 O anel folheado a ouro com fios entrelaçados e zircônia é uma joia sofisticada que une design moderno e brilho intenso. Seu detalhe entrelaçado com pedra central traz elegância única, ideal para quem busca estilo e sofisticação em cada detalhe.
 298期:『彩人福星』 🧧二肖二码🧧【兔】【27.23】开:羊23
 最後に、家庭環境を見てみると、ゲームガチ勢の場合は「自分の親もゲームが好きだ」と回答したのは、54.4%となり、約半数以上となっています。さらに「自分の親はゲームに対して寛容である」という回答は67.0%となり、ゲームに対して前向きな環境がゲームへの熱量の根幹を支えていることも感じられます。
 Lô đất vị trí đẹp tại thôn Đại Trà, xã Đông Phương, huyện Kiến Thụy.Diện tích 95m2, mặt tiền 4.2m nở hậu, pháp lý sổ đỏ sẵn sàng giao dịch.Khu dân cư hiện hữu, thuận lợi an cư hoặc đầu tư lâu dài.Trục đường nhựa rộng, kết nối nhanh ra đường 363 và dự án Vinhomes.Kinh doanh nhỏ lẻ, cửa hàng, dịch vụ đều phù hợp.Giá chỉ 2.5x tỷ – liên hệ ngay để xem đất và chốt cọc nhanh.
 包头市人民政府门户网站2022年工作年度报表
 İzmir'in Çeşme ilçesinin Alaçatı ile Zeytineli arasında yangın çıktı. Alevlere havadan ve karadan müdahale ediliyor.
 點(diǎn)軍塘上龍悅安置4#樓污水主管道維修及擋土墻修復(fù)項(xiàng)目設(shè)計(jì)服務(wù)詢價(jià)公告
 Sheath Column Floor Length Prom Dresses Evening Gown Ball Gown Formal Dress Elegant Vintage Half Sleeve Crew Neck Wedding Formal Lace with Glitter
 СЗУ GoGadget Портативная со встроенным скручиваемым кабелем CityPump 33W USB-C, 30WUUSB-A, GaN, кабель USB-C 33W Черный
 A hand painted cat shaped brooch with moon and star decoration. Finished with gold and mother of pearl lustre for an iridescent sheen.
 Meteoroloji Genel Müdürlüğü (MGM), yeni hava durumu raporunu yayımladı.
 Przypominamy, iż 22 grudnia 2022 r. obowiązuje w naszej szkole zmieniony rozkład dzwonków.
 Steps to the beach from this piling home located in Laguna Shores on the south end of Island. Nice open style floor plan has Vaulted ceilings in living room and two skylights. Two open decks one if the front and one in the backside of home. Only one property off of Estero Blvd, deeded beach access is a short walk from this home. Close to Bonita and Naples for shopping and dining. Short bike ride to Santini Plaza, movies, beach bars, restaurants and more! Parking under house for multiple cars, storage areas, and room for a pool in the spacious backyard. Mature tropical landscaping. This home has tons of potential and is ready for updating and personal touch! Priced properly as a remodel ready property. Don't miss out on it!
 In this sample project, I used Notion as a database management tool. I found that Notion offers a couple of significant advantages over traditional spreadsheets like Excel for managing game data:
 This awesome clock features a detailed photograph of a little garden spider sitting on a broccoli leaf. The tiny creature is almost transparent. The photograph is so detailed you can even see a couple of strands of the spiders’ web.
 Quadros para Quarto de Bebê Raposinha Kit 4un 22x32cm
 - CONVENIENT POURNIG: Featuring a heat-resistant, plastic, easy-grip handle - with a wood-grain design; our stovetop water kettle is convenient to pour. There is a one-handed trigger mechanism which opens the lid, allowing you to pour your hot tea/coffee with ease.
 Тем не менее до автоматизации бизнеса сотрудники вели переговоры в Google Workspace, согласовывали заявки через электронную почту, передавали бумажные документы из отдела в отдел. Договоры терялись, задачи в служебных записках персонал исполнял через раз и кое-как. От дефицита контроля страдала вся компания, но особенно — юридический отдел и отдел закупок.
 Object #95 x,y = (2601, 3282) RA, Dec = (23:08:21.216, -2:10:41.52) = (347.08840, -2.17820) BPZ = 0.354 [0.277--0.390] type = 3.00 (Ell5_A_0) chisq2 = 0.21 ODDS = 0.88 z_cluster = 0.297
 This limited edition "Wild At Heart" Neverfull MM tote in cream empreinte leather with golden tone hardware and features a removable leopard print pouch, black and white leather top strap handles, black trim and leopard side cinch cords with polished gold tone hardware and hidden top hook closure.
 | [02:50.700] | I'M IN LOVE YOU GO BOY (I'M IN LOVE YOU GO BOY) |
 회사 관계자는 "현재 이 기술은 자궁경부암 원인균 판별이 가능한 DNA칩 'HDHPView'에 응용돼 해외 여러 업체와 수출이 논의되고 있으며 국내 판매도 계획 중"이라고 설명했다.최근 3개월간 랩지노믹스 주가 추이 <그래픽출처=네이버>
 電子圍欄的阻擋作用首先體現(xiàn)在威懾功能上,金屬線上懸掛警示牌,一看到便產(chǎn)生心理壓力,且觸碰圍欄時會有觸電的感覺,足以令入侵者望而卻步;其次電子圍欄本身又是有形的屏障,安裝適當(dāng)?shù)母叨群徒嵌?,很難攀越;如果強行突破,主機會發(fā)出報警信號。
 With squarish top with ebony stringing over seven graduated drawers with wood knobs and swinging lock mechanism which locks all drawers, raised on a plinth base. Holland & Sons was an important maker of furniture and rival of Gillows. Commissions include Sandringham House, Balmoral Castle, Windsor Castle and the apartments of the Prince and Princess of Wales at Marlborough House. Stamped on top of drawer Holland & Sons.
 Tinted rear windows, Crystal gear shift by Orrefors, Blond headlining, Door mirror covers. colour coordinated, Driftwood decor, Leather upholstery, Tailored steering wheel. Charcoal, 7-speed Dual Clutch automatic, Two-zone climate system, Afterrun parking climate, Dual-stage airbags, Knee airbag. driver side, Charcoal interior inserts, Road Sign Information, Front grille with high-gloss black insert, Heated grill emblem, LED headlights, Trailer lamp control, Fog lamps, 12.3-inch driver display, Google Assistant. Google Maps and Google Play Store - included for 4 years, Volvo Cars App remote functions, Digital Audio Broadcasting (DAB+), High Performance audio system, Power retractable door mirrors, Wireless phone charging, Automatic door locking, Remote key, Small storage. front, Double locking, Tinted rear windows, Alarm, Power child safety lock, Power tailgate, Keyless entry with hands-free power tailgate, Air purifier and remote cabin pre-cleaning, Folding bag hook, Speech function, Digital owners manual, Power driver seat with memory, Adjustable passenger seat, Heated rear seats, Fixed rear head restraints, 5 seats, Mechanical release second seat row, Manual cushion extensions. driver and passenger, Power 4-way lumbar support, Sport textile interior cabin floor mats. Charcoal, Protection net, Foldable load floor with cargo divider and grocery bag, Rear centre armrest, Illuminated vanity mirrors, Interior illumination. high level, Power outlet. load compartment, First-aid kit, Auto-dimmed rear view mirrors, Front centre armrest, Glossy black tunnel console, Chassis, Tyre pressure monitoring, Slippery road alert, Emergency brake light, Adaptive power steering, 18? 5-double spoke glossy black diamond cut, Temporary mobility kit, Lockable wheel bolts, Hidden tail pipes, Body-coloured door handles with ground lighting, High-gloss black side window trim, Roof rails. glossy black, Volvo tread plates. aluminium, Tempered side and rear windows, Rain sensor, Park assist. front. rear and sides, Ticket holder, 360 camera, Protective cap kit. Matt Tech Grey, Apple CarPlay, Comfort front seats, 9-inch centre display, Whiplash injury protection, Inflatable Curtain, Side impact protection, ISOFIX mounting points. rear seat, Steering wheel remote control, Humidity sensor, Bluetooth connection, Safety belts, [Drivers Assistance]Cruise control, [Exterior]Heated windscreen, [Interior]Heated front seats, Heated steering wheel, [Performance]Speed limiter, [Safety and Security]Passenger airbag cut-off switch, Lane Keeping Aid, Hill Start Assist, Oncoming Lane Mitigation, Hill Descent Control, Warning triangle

#####

Problem to work on -
Write out the data exactly as it stands.

Solution for this task -
 O anel folheado a ouro com fios entrelaçados e zircônia é uma joia sofisticada que une design moderno e brilho intenso. Seu detalhe entrelaçado com pedra central traz elegância única, ideal para quem busca estilo e sofisticação em cada detalhe.
 298期:『彩人福星』 🧧二肖二码🧧【兔】【27.23】开:羊23
 最後に、家庭環境を見てみると、ゲームガチ勢の場合は「自分の親もゲームが好きだ」と回答したのは、54.4%となり、約半数以上となっています。さらに「自分の親はゲームに対して寛容である」という回答は67.0%となり、ゲームに対して前向きな環境がゲームへの熱量の根幹を支えていることも感じられます。
 Lô đất vị trí đẹp tại thôn Đại Trà, xã Đông Phương, huyện Kiến Thụy.Diện tích 95m2, mặt tiền 4.2m nở hậu, pháp lý sổ đỏ sẵn sàng giao dịch.Khu dân cư hiện hữu, thuận lợi an cư hoặc đầu tư lâu dài.Trục đường nhựa rộng, kết nối nhanh ra đường 363 và dự án Vinhomes.Kinh doanh nhỏ lẻ, cửa hàng, dịch vụ đều phù hợp.Giá chỉ 2.5x tỷ – liên hệ ngay để xem đất và chốt cọc nhanh.
 包头市人民政府门户网站2022年工作年度报表
 İzmir'in Çeşme ilçesinin Alaçatı ile Zeytineli arasında yangın çıktı. Alevlere havadan ve karadan müdahale ediliyor.
 點(diǎn)軍塘上龍悅安置4#樓污水主管道維修及擋土墻修復(fù)項(xiàng)目設(shè)計(jì)服務(wù)詢價(jià)公告
 Sheath Column Floor Length Prom Dresses Evening Gown Ball Gown Formal Dress Elegant Vintage Half Sleeve Crew Neck Wedding Formal Lace with Glitter
 СЗУ GoGadget Портативная со встроенным скручиваемым кабелем CityPump 33W USB-C, 30WUUSB-A, GaN, кабель USB-C 33W Черный
 A hand painted cat shaped brooch with moon and star decoration. Finished with gold and mother of pearl lustre for an iridescent sheen.
 Meteoroloji Genel Müdürlüğü (MGM), yeni hava durumu raporunu yayımladı.
 Przypominamy, iż 22 grudnia 2022 r. obowiązuje w naszej szkole zmieniony rozkład dzwonków.
 Steps to the beach from this piling home located in Laguna Shores on the south end of Island. Nice open style floor plan has Vaulted ceilings in living room and two skylights. Two open decks one if the front and one in the backside of home. Only one property off of Estero Blvd, deeded beach access is a short walk from this home. Close to Bonita and Naples for shopping and dining. Short bike ride to Santini Plaza, movies, beach bars, restaurants and more! Parking under house for multiple cars, storage areas, and room for a pool in the spacious backyard. Mature tropical landscaping. This home has tons of potential and is ready for updating and personal touch! Priced properly as a remodel ready property. Don't miss out on it!
 In this sample project, I used Notion as a database management tool. I found that Notion offers a couple of significant advantages over traditional spreadsheets like Excel for managing game data:
 This awesome clock features a detailed photograph of a little garden spider sitting on a broccoli leaf. The tiny creature is almost transparent. The photograph is so detailed you can even see a couple of strands of the spiders’ web.
 Quadros para Quarto de Bebê Raposinha Kit 4un 22x32cm
 - CONVENIENT POURNIG: Featuring a heat-resistant, plastic, easy-grip handle - with a wood-grain design; our stovetop water kettle is convenient to pour. There is a one-handed trigger mechanism which opens the lid, allowing you to pour your hot tea/coffee with ease.
 Тем не менее до автоматизации бизнеса сотрудники вели переговоры в Google Workspace, согласовывали заявки через электронную почту, передавали бумажные документы из отдела в отдел. Договоры терялись, задачи в служебных записках персонал исполнял через раз и кое-как. От дефицита контроля страдала вся компания, но особенно — юридический отдел и отдел закупок.
 Object #95 x,y = (2601, 3282) RA, Dec = (23:08:21.216, -2:10:41.52) = (347.08840, -2.17820) BPZ = 0.354 [0.277--0.390] type = 3.00 (Ell5_A_0) chisq2 = 0.21 ODDS = 0.88 z_cluster = 0.297
 This limited edition "Wild At Heart" Neverfull MM tote in cream empreinte leather with golden tone hardware and features a removable leopard print pouch, black and white leather top strap handles, black trim and leopard side cinch cords with polished gold tone hardware and hidden top hook closure.
 | [02:50.700] | I'M IN LOVE YOU GO BOY (I'M IN LOVE YOU GO BOY) |
 회사 관계자는 "현재 이 기술은 자궁경부암 원인균 판별이 가능한 DNA칩 'HDHPView'에 응용돼 해외 여러 업체와 수출이 논의되고 있으며 국내 판매도 계획 중"이라고 설명했다.최근 3개월간 랩지노믹스 주가 추이 <그래픽출처=네이버>
 電子圍欄的阻擋作用首先體現(xiàn)在威懾功能上,金屬線上懸掛警示牌,一看到便產(chǎn)生心理壓力,且觸碰圍欄時會有觸電的感覺,足以令入侵者望而卻步;其次電子圍欄本身又是有形的屏障,安裝適當(dāng)?shù)母叨群徒嵌?,很難攀越;如果強行突破,主機會發(fā)出報警信號。
 With squarish top with ebony stringing over seven graduated drawers with wood knobs and swinging lock mechanism which locks all drawers, raised on a plinth base. Holland & Sons was an important maker of furniture and rival of Gillows. Commissions include Sandringham House, Balmoral Castle, Windsor Castle and the apartments of the Prince and Princess of Wales at Marlborough House. Stamped on top of drawer Holland & Sons.
 Tinted rear windows, Crystal gear shift by Orrefors, Blond headlining, Door mirror covers. colour coordinated, Driftwood decor, Leather upholstery, Tailored steering wheel. Charcoal, 7-speed Dual Clutch automatic, Two-zone climate system, Afterrun parking climate, Dual-stage airbags, Knee airbag. driver side, Charcoal interior inserts, Road Sign Information, Front grille with high-gloss black insert, Heated grill emblem, LED headlights, Trailer lamp control, Fog lamps, 12.3-inch driver display, Google Assistant. Google Maps and Google Play Store - included for 4 years, Volvo Cars App remote functions, Digital Audio Broadcasting (DAB+), High Performance audio system, Power retractable door mirrors, Wireless phone charging, Automatic door locking, Remote key, Small storage. front, Double locking, Tinted rear windows, Alarm, Power child safety lock, Power tailgate, Keyless entry with hands-free power tailgate, Air purifier and remote cabin pre-cleaning, Folding bag hook, Speech function, Digital owners manual, Power driver seat with memory, Adjustable passenger seat, Heated rear seats, Fixed rear head restraints, 5 seats, Mechanical release second seat row, Manual cushion extensions. driver and passenger, Power 4-way lumbar support, Sport textile interior cabin floor mats. Charcoal, Protection net, Foldable load floor with cargo divider and grocery bag, Rear centre armrest, Illuminated vanity mirrors, Interior illumination. high level, Power outlet. load compartment, First-aid kit, Auto-dimmed rear view mirrors, Front centre armrest, Glossy black tunnel console, Chassis, Tyre pressure monitoring, Slippery road alert, Emergency brake light, Adaptive power steering, 18? 5-double spoke glossy black diamond cut, Temporary mobility kit, Lockable wheel bolts, Hidden tail pipes, Body-coloured door handles with ground lighting, High-gloss black side window trim, Roof rails. glossy black, Volvo tread plates. aluminium, Tempered side and rear windows, Rain sensor, Park assist. front. rear and sides, Ticket holder, 360 camera, Protective cap kit. Matt Tech Grey, Apple CarPlay, Comfort front seats, 9-inch centre display, Whiplash injury protection, Inflatable Curtain, Side impact protection, ISOFIX mounting points. rear seat, Steering wheel remote control, Humidity sensor, Bluetooth connection, Safety belts, [Drivers Assistance]Cruise control, [Exterior]Heated windscreen, [Interior]Heated front seats, Heated steering wheel, [Performance]Speed limiter, [Safety and Security]Passenger airbag cut-off switch, Lane Keeping Aid, Hill Start Assist, Oncoming Lane Mitigation, Hill Descent Control, Warning triangle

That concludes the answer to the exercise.